*** Dataset content ***
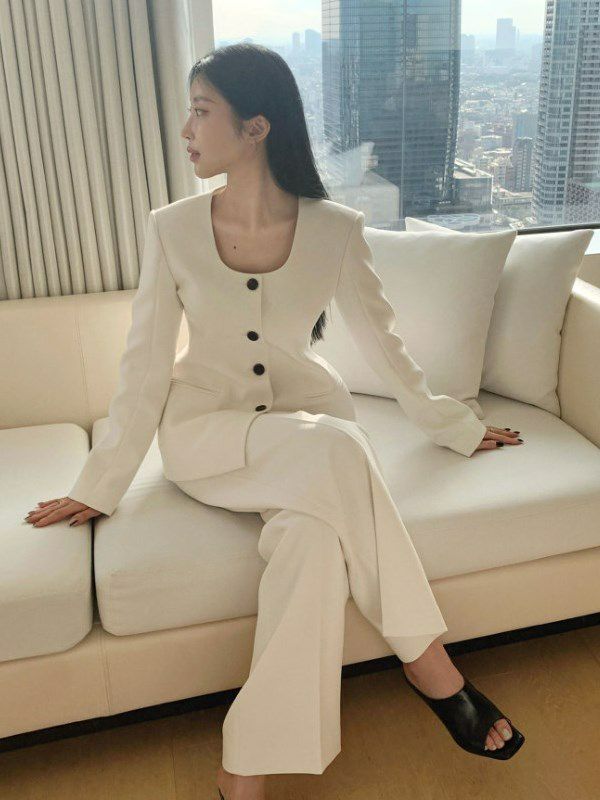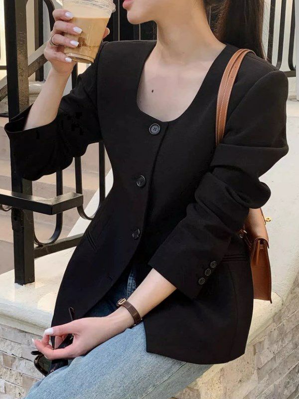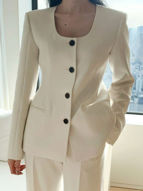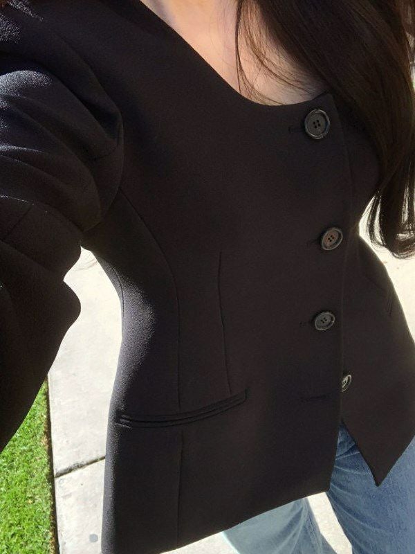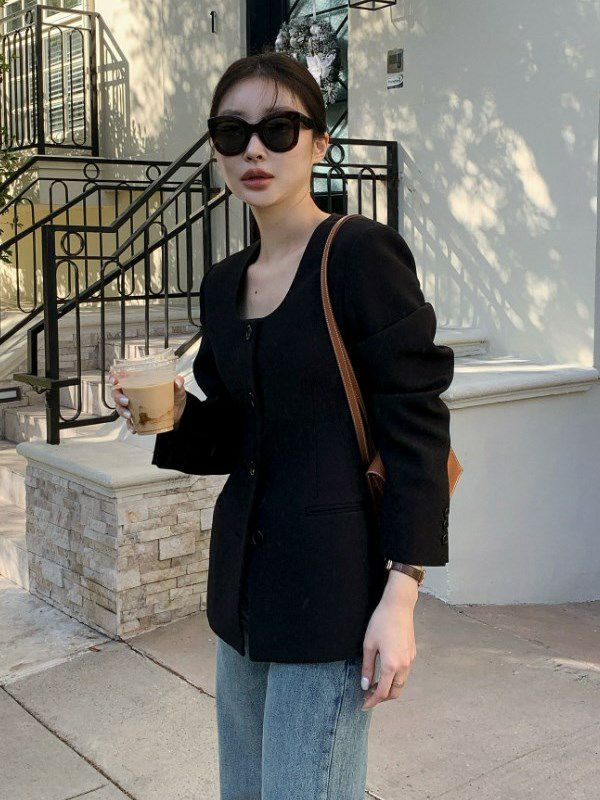 Uネックが特徴の、若干オーバーデザインのノーカラージャケット。
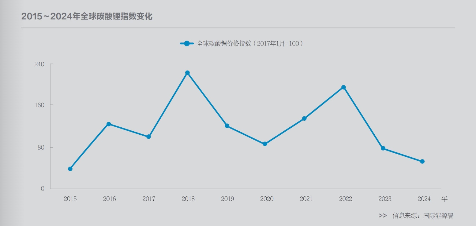 從價(jià)格變化看,主要含鋰元素的礦物鋰輝石在2024年的價(jià)格大致保持穩(wěn)定,而鋰化學(xué)品價(jià)格則持續(xù)下滑。這是由新能源汽車需求增速放緩、儲(chǔ)能市場增長不及預(yù)期以及消費(fèi)電子需求疲軟等因素疊加所導(dǎo)致。其中,2024年全球新能源汽車銷量同比增長約30%,增速較2023年明顯放緩,這是因?yàn)橹饕袌鐾瞥鲅a(bǔ)貼退坡政策,導(dǎo)致消費(fèi)者購車意愿下降。儲(chǔ)能電池對(duì)鋰的需求增速低于預(yù)期,主要原因是光伏發(fā)電、風(fēng)電等可再生能源裝機(jī)增速放緩,以及儲(chǔ)能項(xiàng)目審批周期延長。2024年,全球儲(chǔ)能鋰電池出貨量同比增長約25%,低于行業(yè)預(yù)期的40%。智能手機(jī)、筆記本電腦等消費(fèi)電子產(chǎn)品銷量下滑,進(jìn)一步抑制了對(duì)鋰的需求。
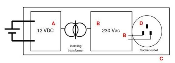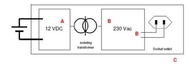 (2)從逆變輸出(B)到可接觸表面(C):雙重或加強(qiáng)絕緣
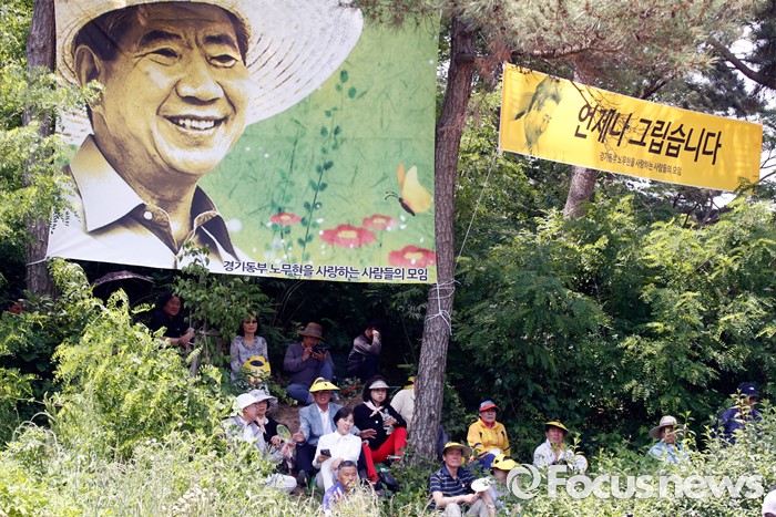 (김해=포커스뉴스) 故 노무현 전 대통령 서거 7주기 추도식이 엄수된 23일 오후 경남 김해 봉하마을에서 시민들이 그늘에 앉아 추도식을 지켜보고 있다.
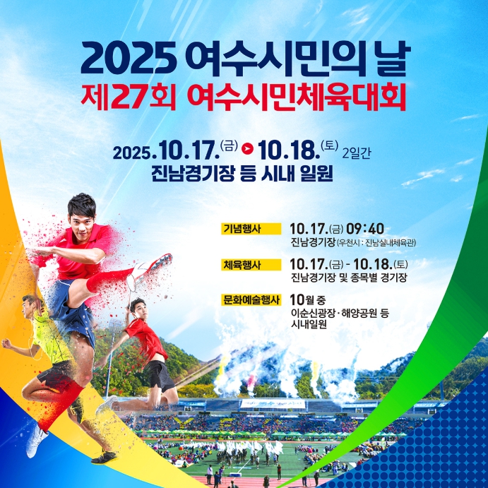 이틀간 열리는 제27회 여수시민체육대회는 15개 종목으로 치러지며 해양공원과 진남체육공원에서는 동대항 노래자랑, 전통민속놀이 경연대회 등 시민 참여형 문화행사도 다채롭게 펼쳐진다.
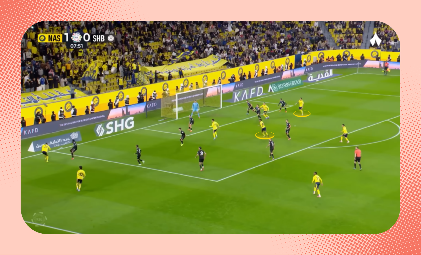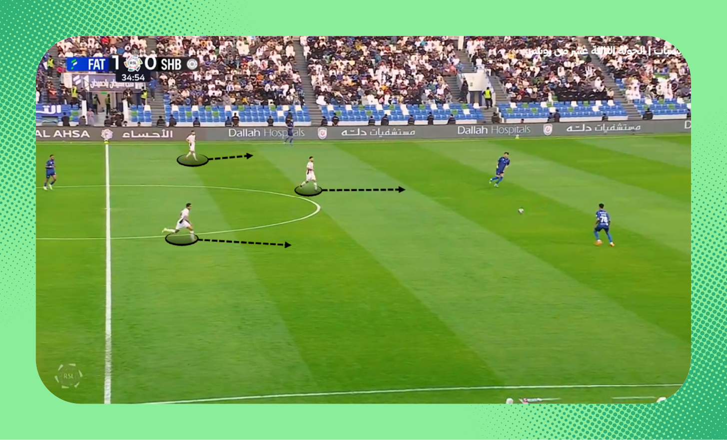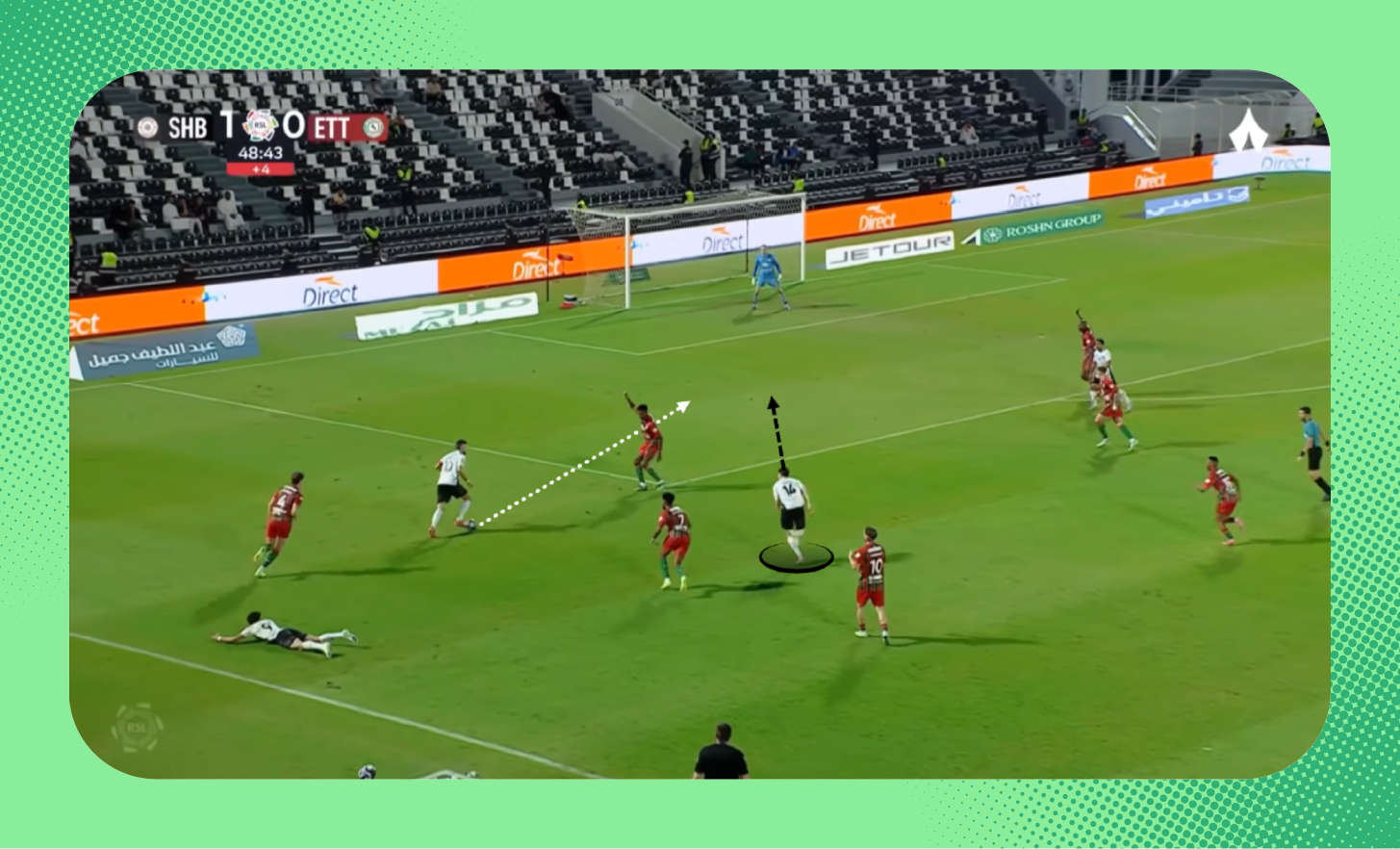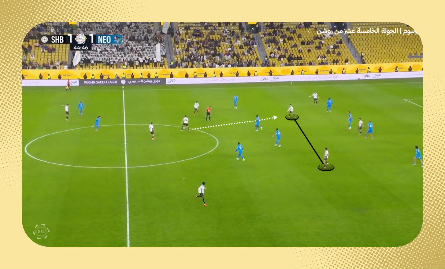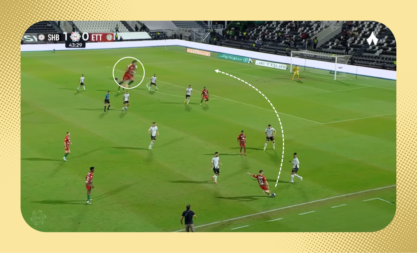 في هذه اللقطة، خلق لاعبو الشباب مثلثات تمرير بين بعضهم البعض، ثم انطلق أحدهم في أنصاف المساحات؛ لتلقي تمريرة كاراسكو داخل المنطقة.
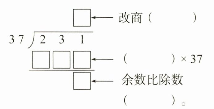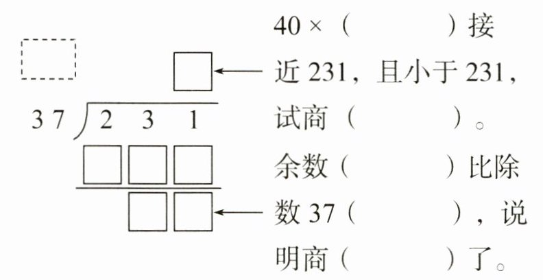 $40×( )$接近231,且小于231,试商( )。余数( )比除数37( ),说明商( )了。
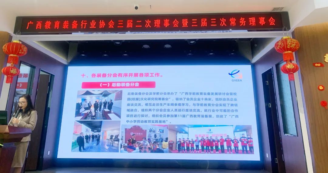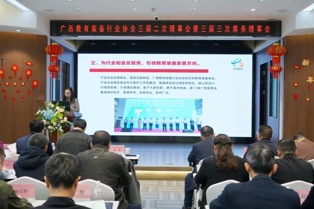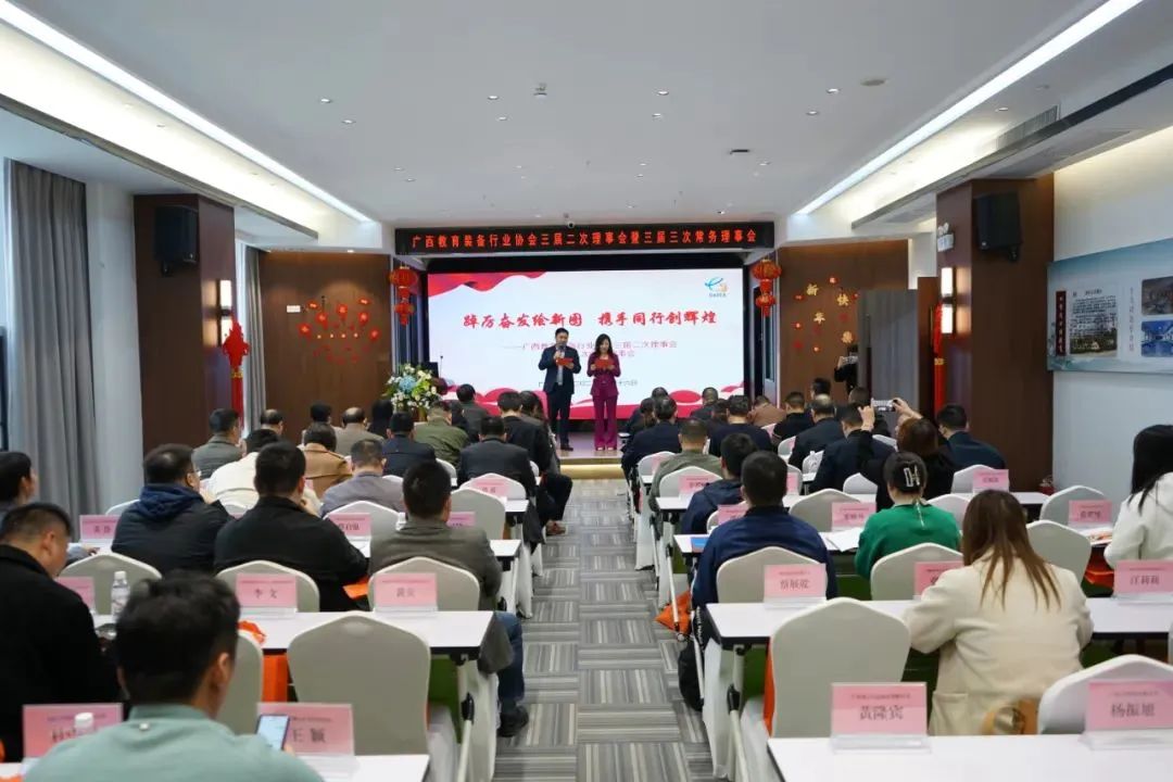2023年2月16日,廣西教育裝備行業(yè)協(xié)會三屆二次理事會暨三屆三次常務(wù)理事會圓滿召開。協(xié)會會長、常務(wù)副會長、常務(wù)理事、理事以及部分特邀企業(yè)代表共100多人參加會議。區(qū)教育廳、南寧市、崇左市、玉林市、貴港市、欽州市等市縣教育裝備站領(lǐng)導(dǎo)蒞臨會議指導(dǎo)。
***
I would like you to retype exactly the lines running from the one containing "في هذه اللقطة،" to the last line of the entries, both included, leaving all pictures out.

 في هذه اللقطة، خلق لاعبو الشباب مثلثات تمرير بين بعضهم البعض، ثم انطلق أحدهم في أنصاف المساحات؛ لتلقي تمريرة كاراسكو داخل المنطقة.
 $40×( )$接近231,且小于231,试商( )。余数( )比除数37( ),说明商( )了。
2023年2月16日,廣西教育裝備行業(yè)協(xié)會三屆二次理事會暨三屆三次常務(wù)理事會圓滿召開。協(xié)會會長、常務(wù)副會長、常務(wù)理事、理事以及部分特邀企業(yè)代表共100多人參加會議。區(qū)教育廳、南寧市、崇左市、玉林市、貴港市、欽州市等市縣教育裝備站領(lǐng)導(dǎo)蒞臨會議指導(dǎo)。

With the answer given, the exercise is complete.